After I became acquainted with my label maker, I began thinking of all sorts of things for its use. So:
I labeled my toiletries with dates representing their first use.
Yes, this is bizarre, but for some things, it might prove helpful. God knows I have mascara bottles in my arsenal that are much older than their intended use. But who can keep track of that shit? I also think it will be fun to see how frequently or infrequently I use things. For example, when I got a facial back in January, I was suckered into buy a $40 bottle of face wash. Now, with the dated label staring at me everyday, I see it’s going on 2.5 months, and it’s still well over half way full. The moral of the story is: I AM NOT A SUCKER.
Fun factor: Sadly, 10.
Lindsay and I had some time to kill before my flight left from LAX yesterday. The other girls had an earlier departure time so we decided we would get breakfast at a cute little spot in Santa Monica after we dropped them off. Fast forward to Lindsay following “her instincts” to get us to the road that runs parallel to the ocean and we soon realize we should just stick near the airport.
I ate at an IHOP.
It was an intimate little affair. I had the Nutella and banana crepes, Lindsay the eggs and toast. It was everything I ever dreamed of and more.
Fun factor: 8
Last weekend I visited my friend Lindsay in Newport Beach. On Sunday we took a little jaunt to Laguna Beach and did some window shopping. There was a super cute candy store that sold lots of old-school candy and related trinkets. My dad loves Skybars and I bought him five since they’re so hard to find. There are currently two left. Sorry, Dad. I hate for you to find out this way about this super nice thing I did for you that won’t ever pan out.
In any event, the store sold dried flavored crickets, so I bought a pack and:
I ate a bug.
Proof of purchase:
Proof of The Act:
Fun Factor: 6
Consider #19 of this list donzo.
I did Bikram yoga.
The classes last for 90 minutes and there are 26 poses (below).
Holy shit was it hard. The combination of the room being 105 degrees and me sucking at yoga made for an interesting attempt. I had to sit out for many of the poses, but I’m intrigued enough that I’ll go back.
Fun factor: 5
Forgive me, my long-lost friends…I’m a bit behind. Never fear, I will enter some of my new things retroactively.

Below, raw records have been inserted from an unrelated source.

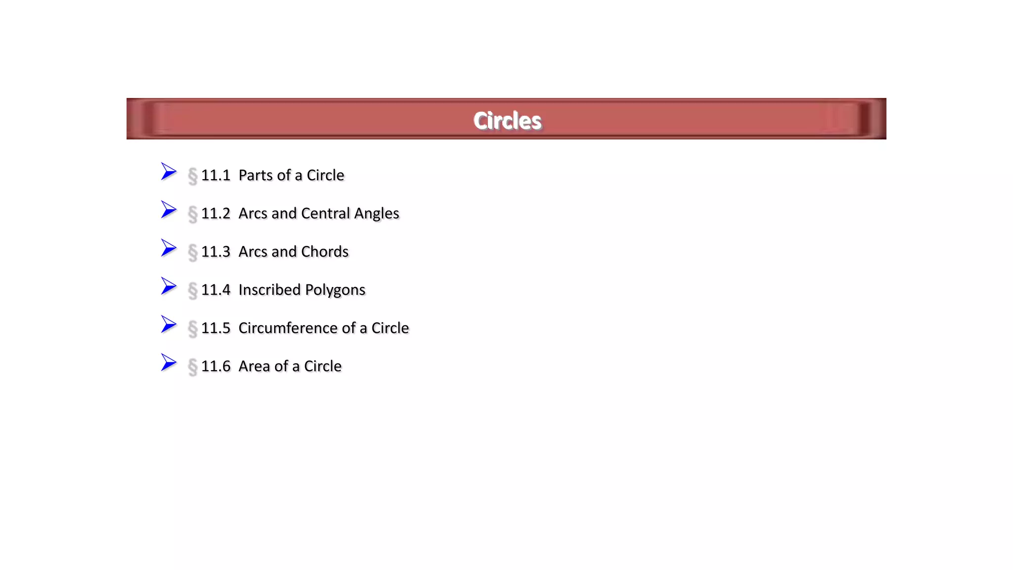 Circles  11.1 Partsof a Circle  11.4 Inscribed Polygons  11.3 Arcs and Chords  11.2 Arcs and Central Angles  11.6 Area of a Circle  11.5 Circumference of a Circle
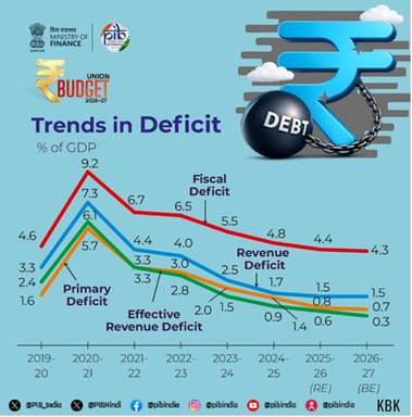 - Fiscal deficit lowered from 4.4% to 4.3% of GDP in FY27.
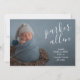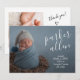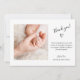 Elegant söt tillkännagivande för födelse har ett nyfött foto, baby namn och födelsestatus med vit chic på framsidan. Ett andra foto, tack för ditt meddelande och förälderns namn på baksidan.
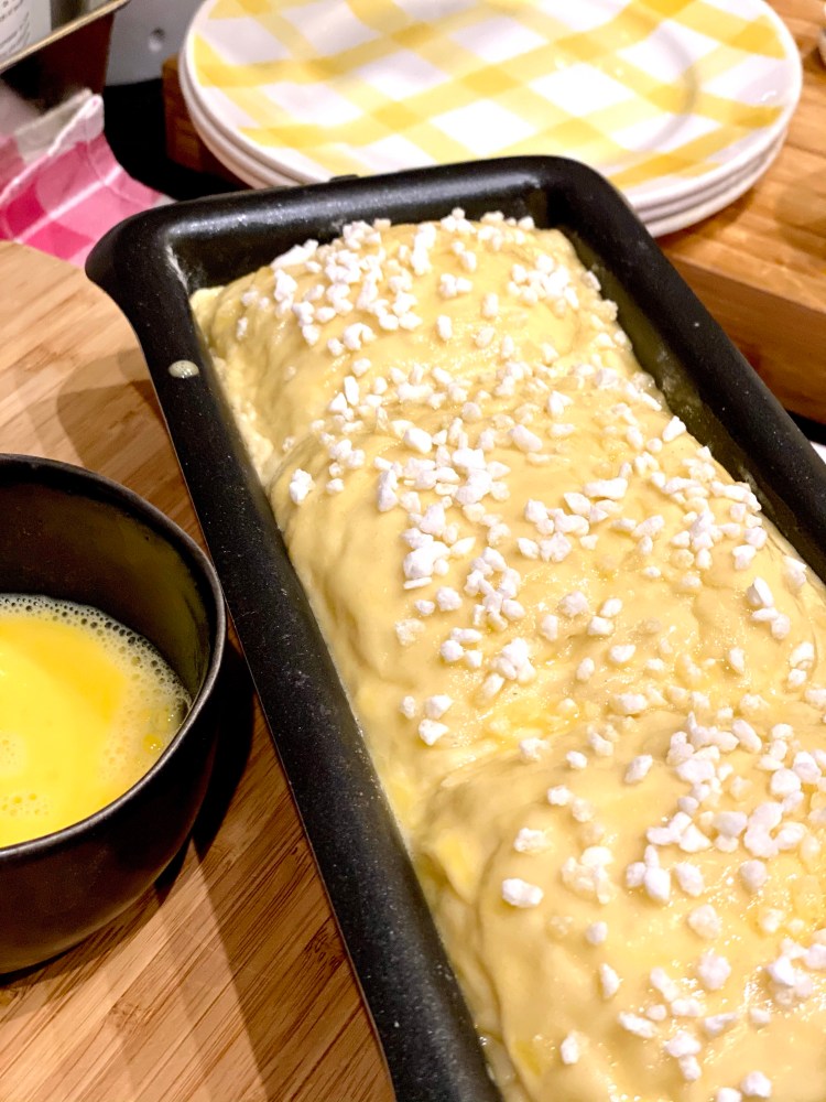 Battre un œuf pour badigeonner votre brioche et saupoudrer de sucre perlé à votre convenance.
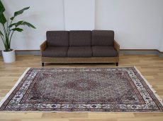 *** ペルシャ絨毯には毛の流れがあり、一方向に羊毛が若干”ねている”様になっています。 大きなサイズのペルシャ絨毯になりますと、毛の流れに光が反射して、光の当たる方向によって、見え方も若干変化してまいります。 日光と共に表情を変える天然ウールの絨毯の毛並みを楽しめるのも大きなサイズならではです。 *** リビングルームの中心に、2〜3人掛けのカウチソファーの足元に敷くことのできるサイズです。 大きなお宅では玄関に敷いて、ご自宅の入り口を明るい印象にしてくれます。 客室等、特別な空間に敷くことで絵画の様に空間を素敵な雰囲気に変えてくれます。 ペルシャ絨毯の緻密なデザインを楽しみつつ、天然ウールのやさしさをたっぷり楽しめるサイズです。 床に絵を飾っている様に、毎日過ごすお部屋を素敵な空間にしてくれます。 お部屋のアクセントに是非どうぞ。 日本の家屋ともよい相性で、日本家屋や古い和箪笥等の和の装いを纏った空間にも適しています。 味のある家具やアンティークインテリア、コーヒーテーブル等と良い相性です。 お家のフローリング、カフェ、アパレルセレクトショップやヘアサロン内装や古民家等、多くの用途にご使用いただけます。
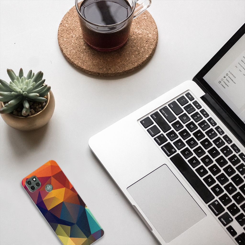 Veelkleurige driehoeken die samen eindeloze asymmetrische patronen lijken te vormen. Het is het abstracte schouwspel dat op dit fraaie hoesje voor je Motorola Moto G9 Power direct de aandacht trekt noemen we voor het gemak trekt noemen we voor het gemak Polygon Color. De een ziet er een berglandschap in, de ander piramides. Wat zie jij erin? Zeker is in elk geval dat de aanblik van dit fascinerende ontwerp je niet snel gaat vervelen. Het kleurige spel van lijnen en vlakken blijft eindeloos boeien en geeft jouw TPU Hoesje een hippe en kunstzinnige uitstraling. De kracht die het lijnenspel uitstraalt, komt ook terug in het hoesje zelf. Dit hoesje wordt alleen aan de bovenkant bedrukt en is zeer flexibel. De randen van het hoesje blijven transparant. Wat wil je nog meer?
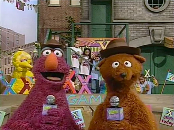 SCENE 1 | Gordon sits on the stoop, reading his newspaper and sees a bunch of kids and monsters running by chanting βX Games! X Games!β Telly and Baby Bear rush in and fix themselves up so they can introduce βThe Wide World of Sesame Street Sportsβ which is covering todayβs βX Games,β the event where letter Xβs come from all over the globe to Sesame Street to play games. They are then joined by a group of screaming female Xβs and tell the viewer to stay tuned for more βX Gamesβ action! |
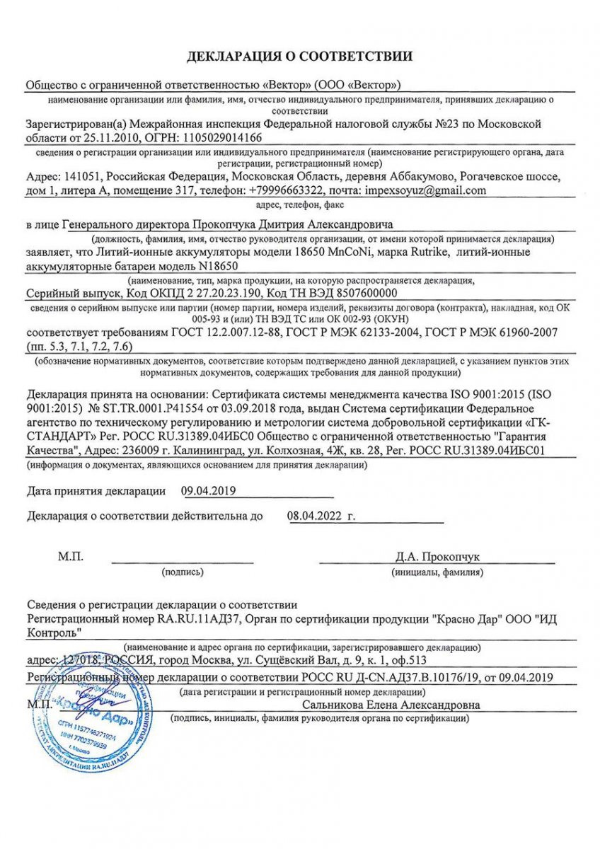 | Срок службы в циклическом режиме: заряд/разряд | Не менее 1000 циклов | |

Every year on my birthday I use a vacation day and bounce around town spending money on myself and dining out. Because Revlon tells me I’m worth it. This year a new element was added to the day:
I was served breakfast in bed.
Items: OJ, french-pressed coffee, egg and toast.
It was actually breakfast on the couch so that I could watch all the fun morning shows I miss while usually at the clink. It was delicious and a fun way to spend the first hour of 29.